RFE/RL President Thomas A. Dine said that Kovac’s conviction “comes at a time when the independent media in Serbia are reeling after the return to power of ultranationalists and Milosevic cronies. Kovac is being punished for being a professional journalist.”
In his complaint, Vasiljevic, a businessman and senior official in the Serbian Radical Party that now dominates the Serbian parliament, claims that Kovac libeled him in broadcasting allegations concerning the building seizure. According to eyewitnesses, Vasiljevic and an armed guard allegedly broke into and seized the building, evicting the current occupants and beating several of them. Then-minister Vasiljevic later registered the building in his own name. Several of the women allegedly beaten during the building seizure tried to file suit against Vasiljevic, but the local court has refused to consider their complaint.
In late 2003, Kovac interviewed the women and filed a report for RFE/RL’s South Slavic and Albanian Languages Service, in which the women alleged that the court refused to consider their suit because Vasiljevic is a powerful figure in their town. In response to the report, Vasiljevic not only filed a criminal complaint against Kovac but, according to the correspondent, threatened to kill him.
The presiding judge during the trial was a known associate of Vasiljevic, Ivica Lazarevic, who was himself the subject of a Kovac report for RFE/RL on nepotism in the local judiciary in Sabac. During the trial, Judge Lazarevic did not allow Kovac’s attorneys to call as defense witnesses any of the women Kovac interviewed for the report.

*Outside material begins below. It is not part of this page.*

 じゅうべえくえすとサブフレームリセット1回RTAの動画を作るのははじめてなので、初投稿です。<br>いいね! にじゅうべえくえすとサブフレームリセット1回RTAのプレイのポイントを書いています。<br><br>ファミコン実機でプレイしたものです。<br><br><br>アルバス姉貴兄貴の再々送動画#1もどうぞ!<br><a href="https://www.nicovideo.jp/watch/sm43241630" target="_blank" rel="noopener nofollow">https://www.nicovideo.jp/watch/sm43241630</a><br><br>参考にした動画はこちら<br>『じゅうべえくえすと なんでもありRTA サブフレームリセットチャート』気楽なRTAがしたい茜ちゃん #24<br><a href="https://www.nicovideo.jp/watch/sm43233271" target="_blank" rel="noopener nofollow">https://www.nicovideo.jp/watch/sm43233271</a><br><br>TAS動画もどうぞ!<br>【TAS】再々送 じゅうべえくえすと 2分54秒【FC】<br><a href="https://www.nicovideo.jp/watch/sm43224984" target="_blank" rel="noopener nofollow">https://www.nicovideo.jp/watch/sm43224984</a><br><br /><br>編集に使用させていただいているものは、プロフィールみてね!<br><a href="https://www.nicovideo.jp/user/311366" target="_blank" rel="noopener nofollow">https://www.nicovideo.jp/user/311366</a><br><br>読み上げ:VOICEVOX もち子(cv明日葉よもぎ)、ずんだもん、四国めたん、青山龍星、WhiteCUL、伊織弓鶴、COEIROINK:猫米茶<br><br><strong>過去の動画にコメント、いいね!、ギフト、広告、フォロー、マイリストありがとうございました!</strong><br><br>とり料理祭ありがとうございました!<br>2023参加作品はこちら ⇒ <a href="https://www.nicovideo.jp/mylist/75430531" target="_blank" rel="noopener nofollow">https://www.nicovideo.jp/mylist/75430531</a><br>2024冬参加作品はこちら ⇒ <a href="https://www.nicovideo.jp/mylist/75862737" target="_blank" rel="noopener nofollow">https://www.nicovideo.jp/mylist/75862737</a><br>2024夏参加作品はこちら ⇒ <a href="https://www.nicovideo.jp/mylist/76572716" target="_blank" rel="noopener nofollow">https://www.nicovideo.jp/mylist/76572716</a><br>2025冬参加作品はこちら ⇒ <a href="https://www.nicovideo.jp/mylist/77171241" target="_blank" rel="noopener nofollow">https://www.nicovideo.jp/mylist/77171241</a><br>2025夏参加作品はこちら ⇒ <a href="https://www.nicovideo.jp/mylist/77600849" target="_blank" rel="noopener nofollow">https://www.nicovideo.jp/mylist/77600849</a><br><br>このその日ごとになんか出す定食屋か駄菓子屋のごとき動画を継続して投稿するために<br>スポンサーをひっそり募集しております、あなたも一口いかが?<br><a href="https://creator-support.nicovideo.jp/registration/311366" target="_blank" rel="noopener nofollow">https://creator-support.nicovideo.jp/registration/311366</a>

Kovac says that he has been subjected to threats of bodily harm from Vasiljevic and his associates since 1999, due to reports aired by RFE/RL about a number of alleged misdeeds. One of these reports, concerning the denial to Roma of access to a Vasiljevic-owned public swimming pool in Sabac, led to Serbia’s first and only conviction to date on charges of discrimination against Roma. Kovac was severely beaten by Vasiljevic’s bodyguards in June 2000 while swimming at the pool in question.